◆ DIRECTIONS
With the pictures removed, write out the data below exactly.

◆ COLLECTED DATA

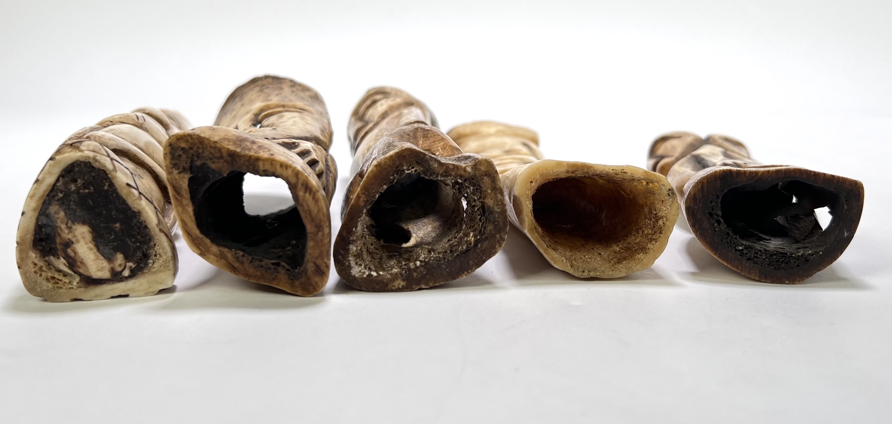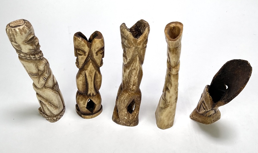Vijf tribale beelden vervaardigd uit been, Centraal-Afrika. De figuren zijn langwerpig en gestileerd met typische kenmerken van de Kongo Vili of Yombe culturele traditie, waaronder een dubbelhoofdige voorstelling. Datering is circa midden 20e eeuw. Kom langs tijdens de kijkdagen (28 t/m 30 november) en ontdek deze stoelklok zelf! |
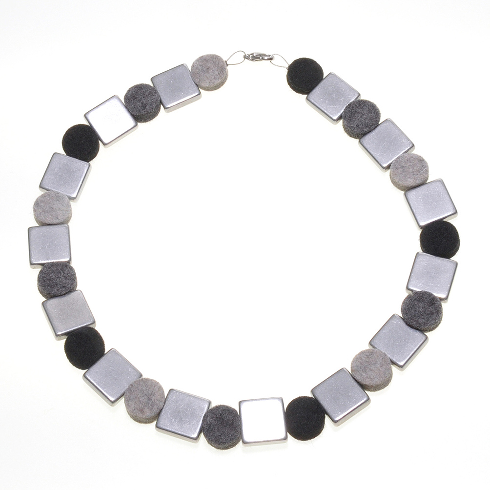 Wollfilzkette 13x Aluquadrat Vollmat. 15x15 mm Wollfilz schwarz / dunkelgrau / hellgrau Länge ca. 43 cm
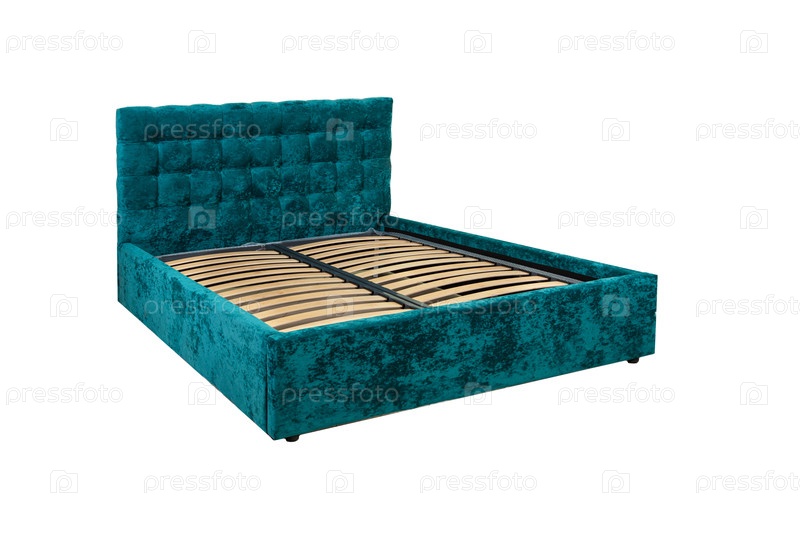 Зеленая двуспальная кровать с деревянной основой без матраса

◆ ANSWER TO THE PROBLEM
Vijf tribale beelden vervaardigd uit been, Centraal-Afrika. De figuren zijn langwerpig en gestileerd met typische kenmerken van de Kongo Vili of Yombe culturele traditie, waaronder een dubbelhoofdige voorstelling. Datering is circa midden 20e eeuw. Kom langs tijdens de kijkdagen (28 t/m 30 november) en ontdek deze stoelklok zelf! |
 Wollfilzkette 13x Aluquadrat Vollmat. 15x15 mm Wollfilz schwarz / dunkelgrau / hellgrau Länge ca. 43 cm
 Зеленая двуспальная кровать с деревянной основой без матраса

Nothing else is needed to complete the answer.